AWS Certified AI Practitioner(37) - SageMaker Data Tools and Model Evaluation
Amazon SageMaker Data Tools and Model Evaluation
SageMaker Data Wrangler
SageMaker Data Wrangler is a tool designed to make data preparation easier before building machine learning (ML) models.
With Data Wrangler, you can: - Prepare tabular and image data for ML
- Perform data preparation, transformation, and feature engineering
- Use a single interface for: - Data selection - Cleansing - Exploration - Visualization - Processing
- Run SQL queries directly
- Use the Data Quality tool to check for missaing or inconsistent values
Key Features
- Import Data: Load from sources like Amazon S3.
- Preview Data: Inspect column names, types, and values.
- Visualize Data: Build charts to better understand the dataset.
- Transform Data: Apply functions, drop or add columns.
- Quick Model: Run a quick test to check model performance.
- Export Data Flow: Save transformations for reuse in pipelines.

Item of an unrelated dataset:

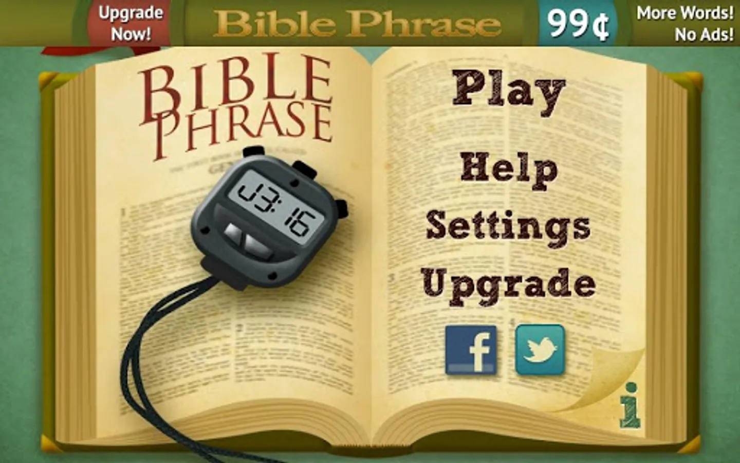 The list of nearly 500 words and phrases includes a wide selection of Books, Locations, People, Phrases, and Pop Culture. Bible Phrase: Books contains a large selection of Books. Upgrade to the full version for no ads and words from every category.

Exam Tip: If you see a question about data preparation and feature engineering in SageMaker, think of Data Wrangler.
What are ML Features?
Features are the inputs to ML models during training and inference.
Example:
For a music dataset, features might include:
- Song ratings
- Listening duration
- Listener demographics
High-quality, reusable features are critical. They improve consistency across teams and projects within a company.
SageMaker Feature Store
The Feature Store helps manage and reuse features.
- Ingest features from multiple sources.
- Define transformations to convert raw data into usable features.
- Publish features directly from Data Wrangler into Feature Store.
- Features are searchable and shareable within SageMaker Studio.
Exam Tip: Feature Store = centralized place to manage, discover, and reuse ML features.
SageMaker Clarify
SageMaker Clarify is about trust and fairness in ML models. It helps with:
- Model Evaluation: Compare performance of two models (e.g., Model A vs Model B).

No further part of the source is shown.